(Source records)
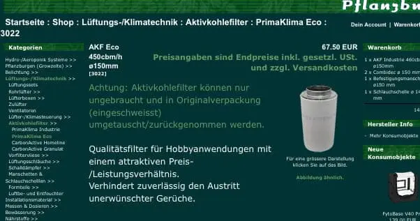 Lässt sich auf 68 Euro reduzieren, wenn er das Klima konstant unter 60% Rlf hält und nix sprüht und nicht raucht oder fettig kocht oder wenigsten dabei die Tür zum Growzimmer zu lässt. Für den Anfang ist man aber mit nem zusätzlichen Zentimeter Kohle besser beraten oder sogar mit der Feinkohle von nem Rhino.
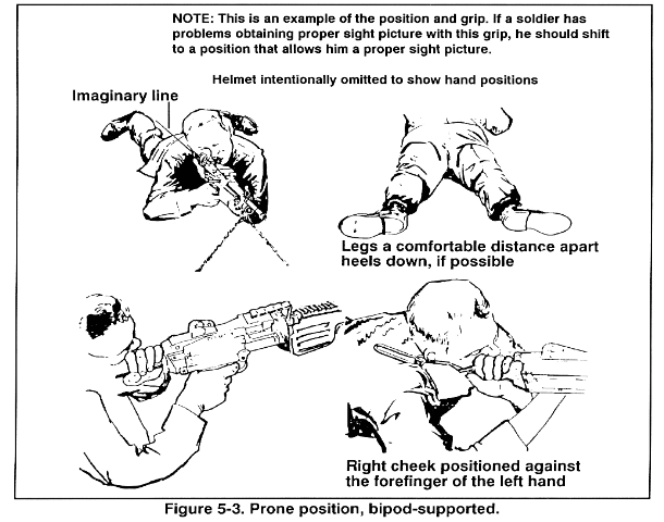 f. The nature of the target and irregularities of terrain and vegetation may require a firer to use a variety of positions to place effective fire on the target. The most stable position for the automatic rifleman is the prone bipod-supported position.
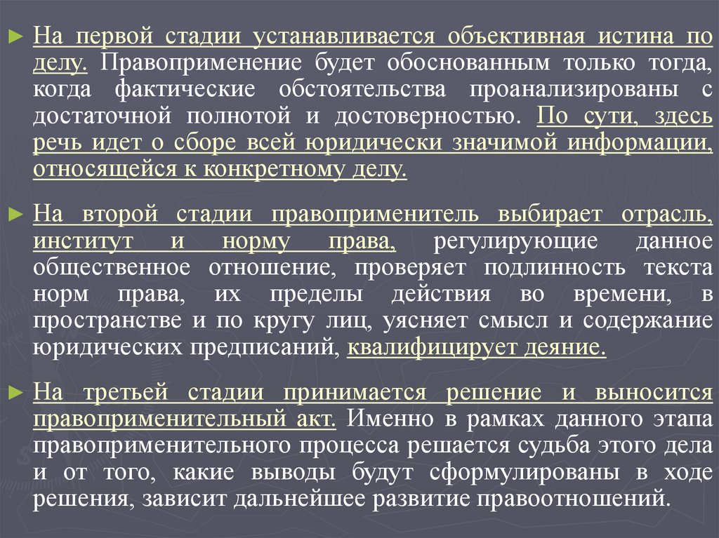 8. ВОПРОС № 2: Применение правовых норм как особая форма реализации права. Характеристика стадий процесса применения норм права.
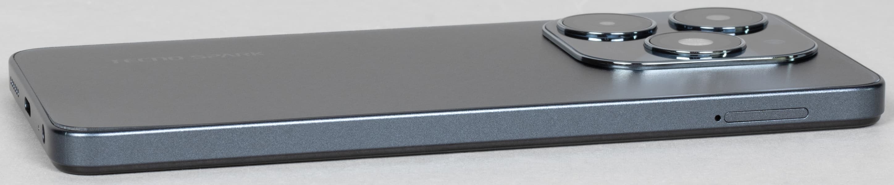 Tecno Spark 20 выглядит стильно и современно. Актуальный дизайн корпуса с широкими плоскими боковинами и плоскими же фронтальной и тыльной поверхностями не подразумевает зауженностей на боках и загнутых стекол. Смартфон не столь изящен, как аппараты со скругленными боками, но зато надежно удерживается в ладони.
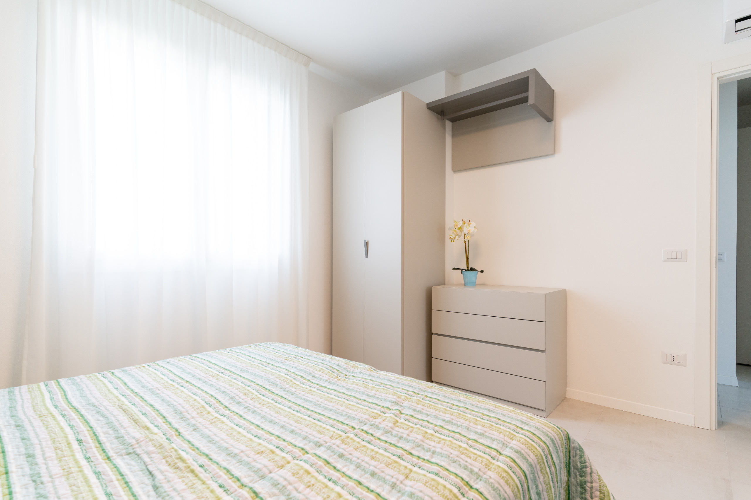 All apartments are developed on a single level and some offer views of the swimming pool while others have side views. The living room has an equipped kitchenette, table, chairs and a French double sofa bed, with access to the balcony or garden, ideal for outdoor lunches and dinners. The main bedroom is furnished with a double bed and a single bed, while the second bedroom offers two single beds. The bathroom is spacious and equipped with a shower enclosure.
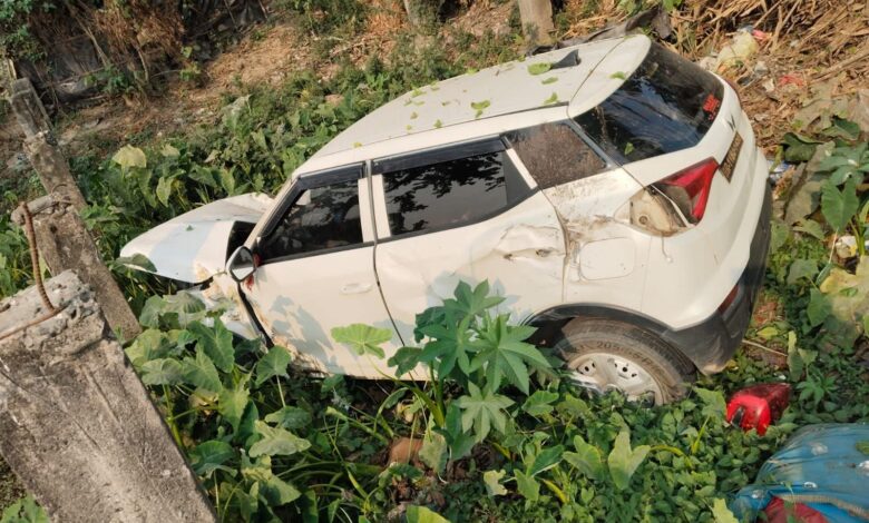जानकारी के अनुसार, वाहन का पीछा किए जाने के दौरान चालक ने भागने की कोशिश में गाड़ी को सड़क के नीचे गड्ढे में उतार दिया, जिससे वाहन दुर्घटनाग्रस्त हो गया। मौके का फायदा उठाकर चालक फरार होने में सफल रहा।
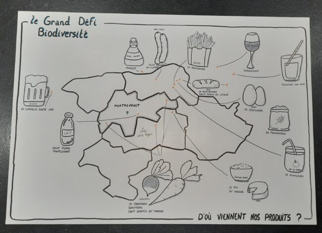 La valorisation des producteurs locaux est un outil de communication très apprécié. Dans l’exemple ci-dessous, retrouvez les producteurs (et productions) du Grand Défi Biodiversité de juin 2023 à Montrevault.
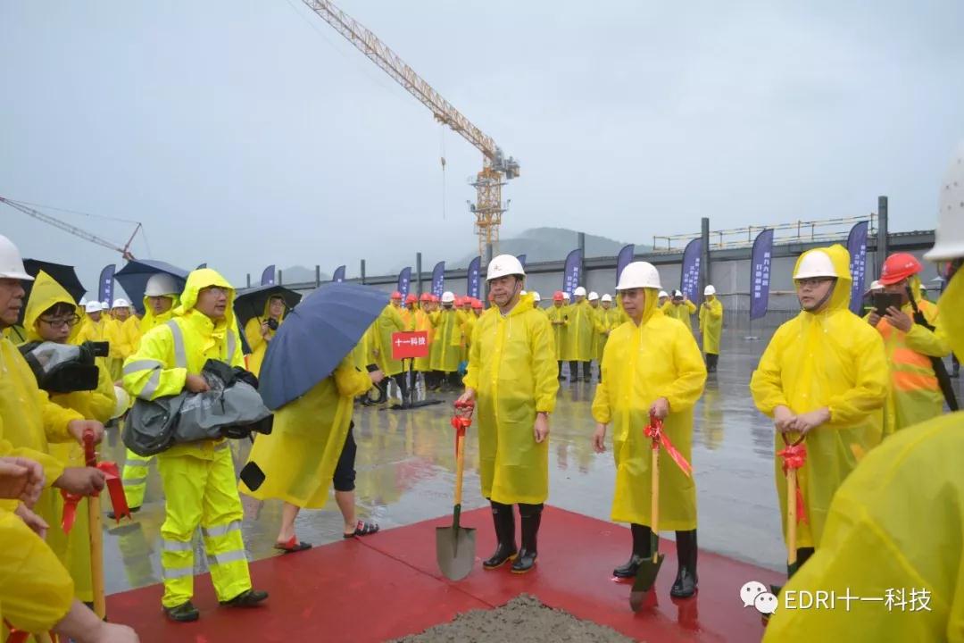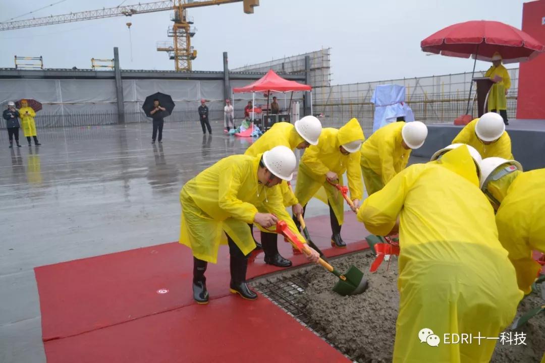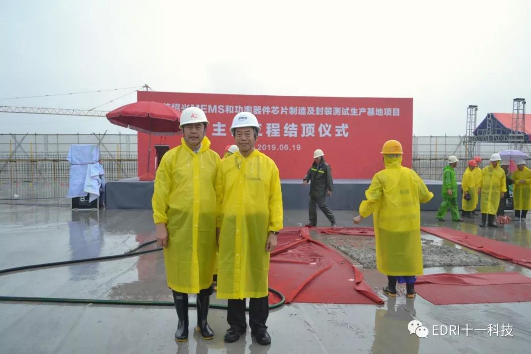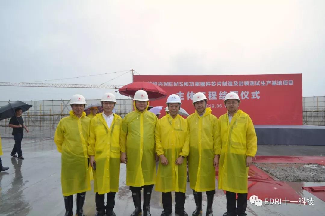 2019年6月19日上午,十一科技总承包的中芯绍兴MEMS和功率器件芯片制造及封装测试生产基地项目隆重举行主体工程封顶仪式。绍兴市委书记马卫光、绍兴市市委秘书长陆维、绍兴市副市长孙哲君、中芯国际CFO高永岗、中芯绍兴董事长丁国兴、中芯绍兴总经理赵奇、十一科技董事长、党委书记赵振元、高级副院长白焰等领导出席仪式。中芯国际CFO高永岗、中芯绍兴总经理赵奇先后致辞,对十一科技、各参建方及绍兴市各级市政领导对项目的大力支持和辛勤付出表示感谢。在仪式上,赵振元与马卫光书记、高永岗CFO、赵奇总经理等领导亲切交谈,并与出席仪式的领导共同挥铲为主体厂房的结构封顶完成最后一方混凝土的浇筑。
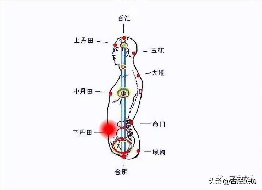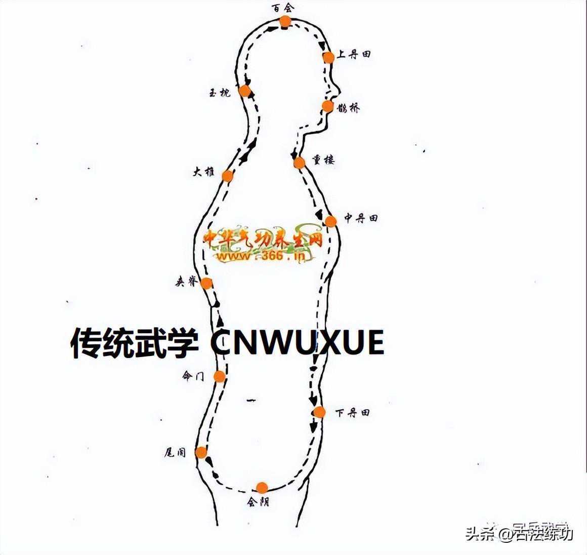 下贯法:与上贯同时,丹田中之内气由会阴返环跳,沿腿之阳面,降于涌泉,此气之下贯也。
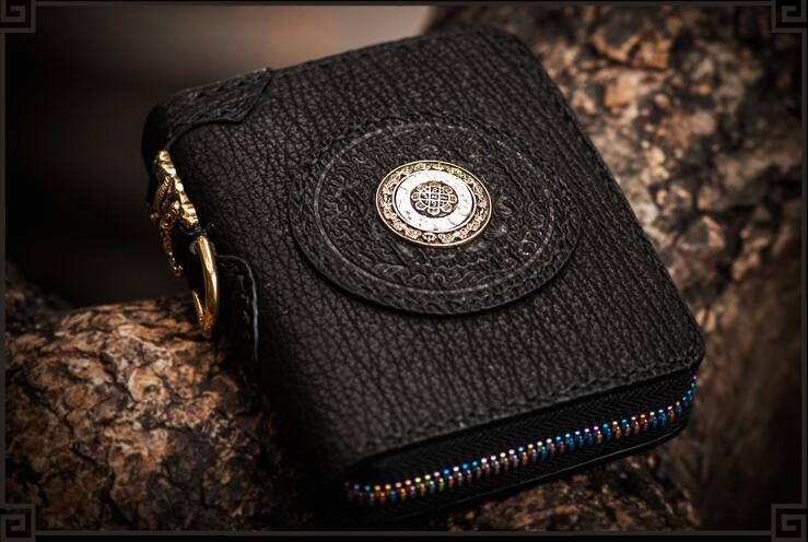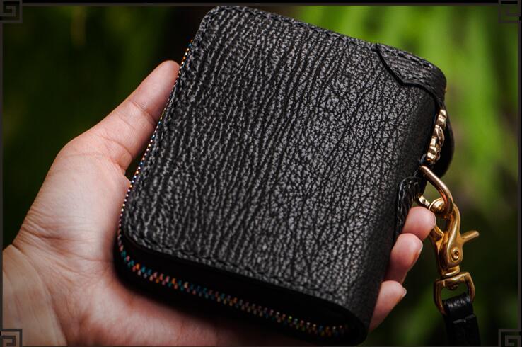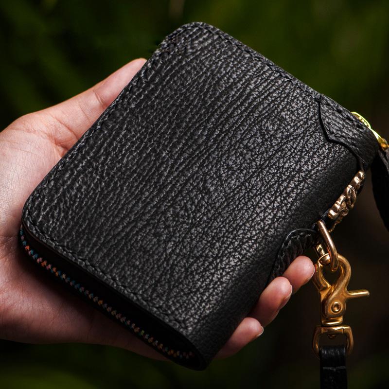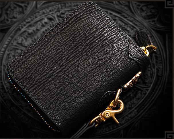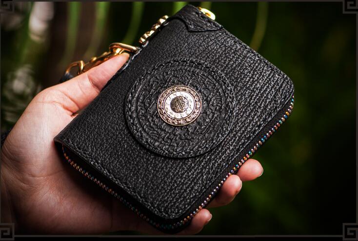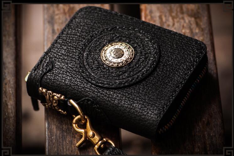 Style: Handmade Leather Small Tooled Mens billfold Wallet Cool Chain Wallet Biker Wallet for Men
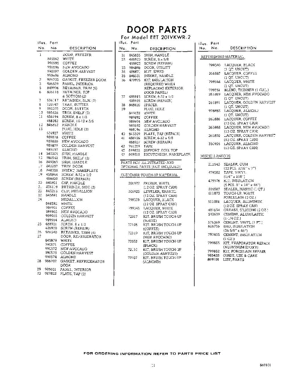 Parts for EET201VKWR2
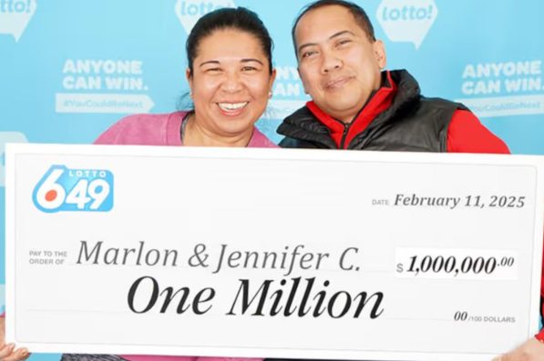 有时候,生活中的一次偶然决定可能会带来意想不到的好运。对于来自卑诗省温哥华的夫妻玛隆和詹妮弗·坎波萨格拉多来说,一张临时购买彩票的决定彻底改变了他们的人生。在一次超市购物时,这对夫妻突然决定多买一张 Lotto 6/49 彩票,结果在2025年2月8日的抽奖中,他们意外中得了100万加元!
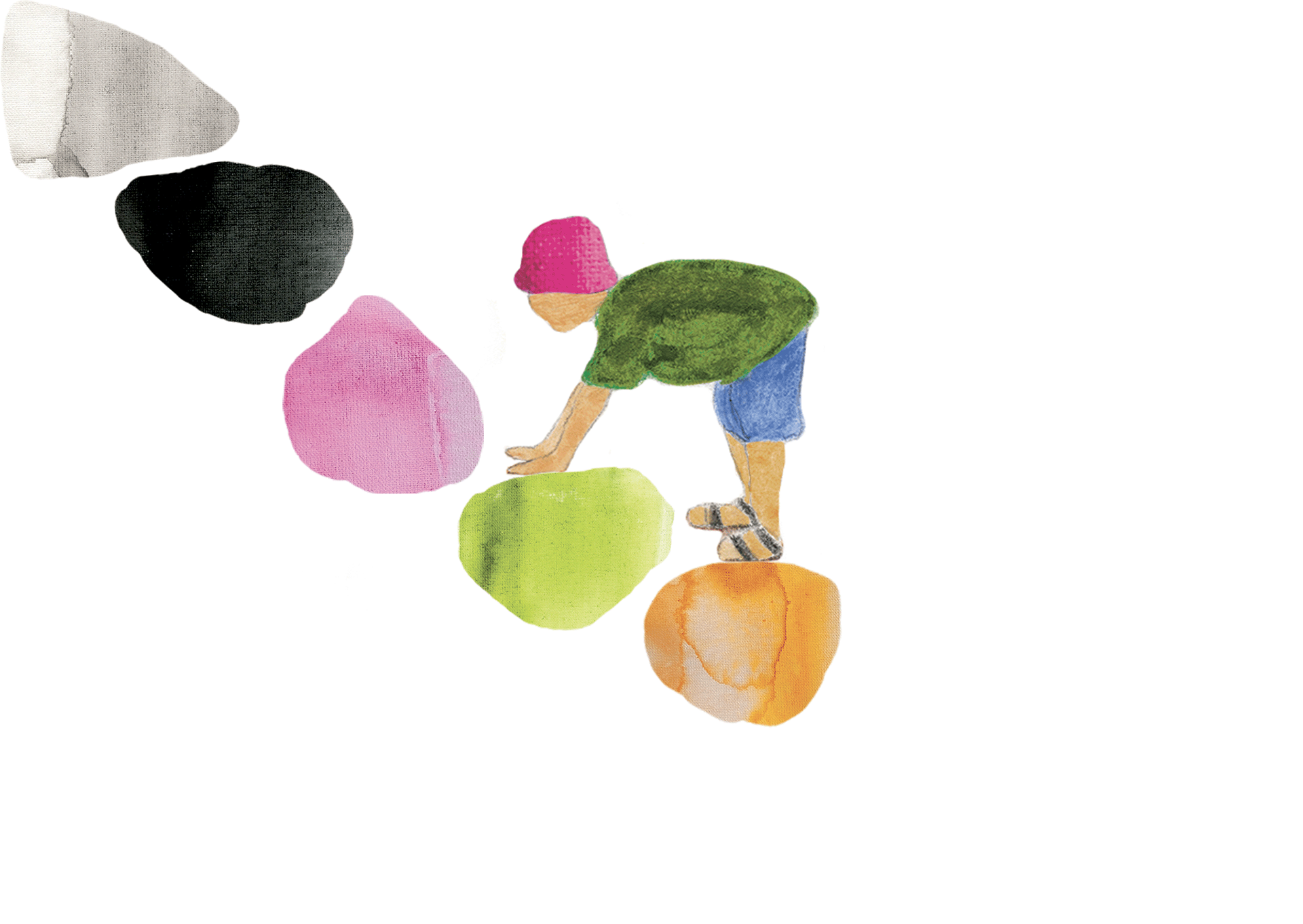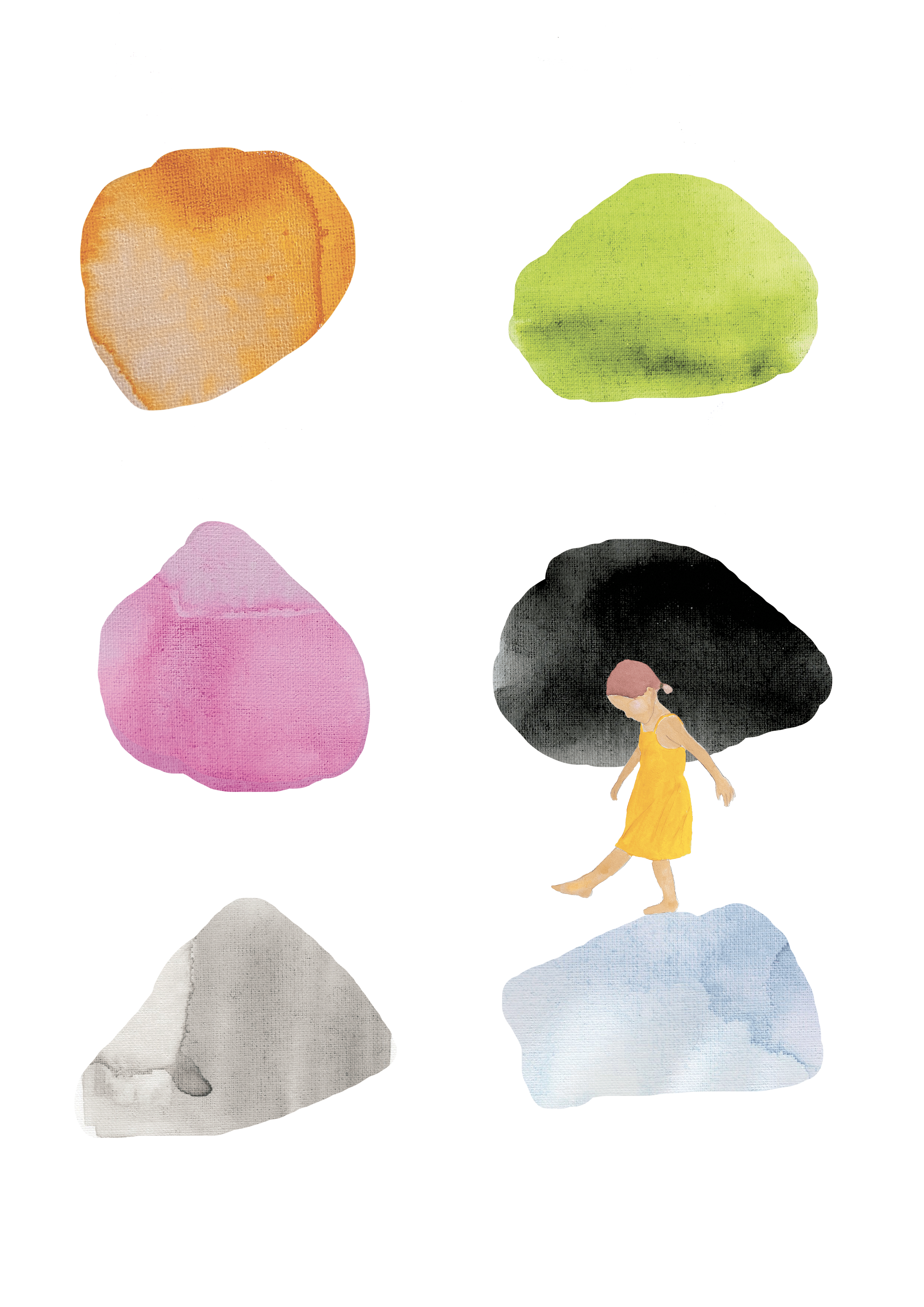 Ces illustrations mettent en scène deux enfants en mouvement sur des rochers. Elles intègrent deux techniques : le crayon de couleur et la peinture. Les pierres sont réalisées à partir de textures d'aquarelle préalablement scannées.
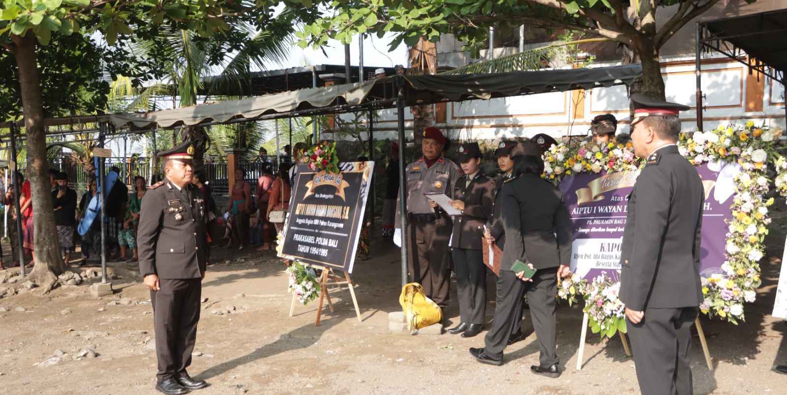 Bertindak selaku Inspektur Upacara Kabag SDM Polres Karangasem Kompol I Nyoman Merta Kariana, S.H.,M.H., Perwira Upacara Kapolsek Dawan Akp I Komang Susiawan, Komandan Upacara Ipda I Wayan Cana Ariasa dan dihadiri Satu Pama Polres Karangasem, Satu Peleton Bintara Polres Klungkung bersenjata, Satu Regu Bintara Polres tanpa senjata, Perwakilan PNS Polres Klungkung , Satu Regu Bhayangkari.
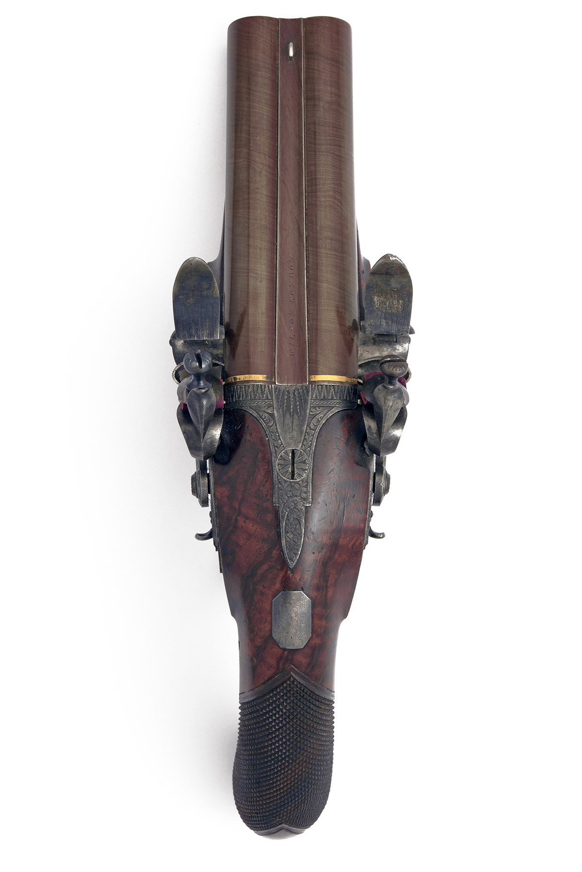 circa 1810, with expertly rebrowned 4 3/8in. side by side barrels, the top-rib signed 'WILSON, LONDON', small applied crescent fore-sight, gold bands at breech, platinum lined touch-holes, fully engraved top-tang with shallow sighting groove, border engraved bevel-edged locks signed 'WILSON' below the semi rainproof pans, sliding safes behind the engraved swan-necked cocks and rollers to the frizzen-springs, walnut three-quarter stock with chequered bag-shaped butt, engraved and blued trigger guard bow and horn-tipped ramrod, strong amount of original finish to iron furniture
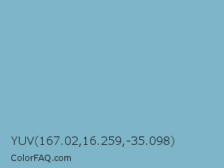 YUV 167.02,16.259,-35.098 Color is a light blue color and the nearest color is Glacier #80b3c4. Hex code #7fb5c8 and RGB value is rgb(127,181,200). In RGB color space, this color is composed of 50% red, 71% green, 78% blue, In CMYK color space, this color is composed of 37% cyan, 10% magenta, 0% yellow , 22% black , In HSL color space, this color has a hue angle of 196° , 40% saturation and 64% lightness.
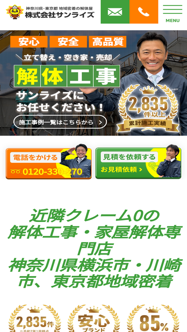 88%株式会社サンライズ 【公式】の採用情報ページです。住宅の建て替えや空き家の解体、土地を含めた売却などをご検討の方は、横浜市・川崎市・東京都を中心に累計2835件以上の家屋解体・解体工事を実施してきた解体屋の安心・安全・高品質のサンライズにお任せください。

EXERCISE AIM:
The response must match the data line for line, from its first line through the line with "8. ВОПРОС №", inclusive, and must leave out the pictures.

YOUR RESPONSE:
 Lässt sich auf 68 Euro reduzieren, wenn er das Klima konstant unter 60% Rlf hält und nix sprüht und nicht raucht oder fettig kocht oder wenigsten dabei die Tür zum Growzimmer zu lässt. Für den Anfang ist man aber mit nem zusätzlichen Zentimeter Kohle besser beraten oder sogar mit der Feinkohle von nem Rhino.
 f. The nature of the target and irregularities of terrain and vegetation may require a firer to use a variety of positions to place effective fire on the target. The most stable position for the automatic rifleman is the prone bipod-supported position.
 8. ВОПРОС № 2: Применение правовых норм как особая форма реализации права. Характеристика стадий процесса применения норм права.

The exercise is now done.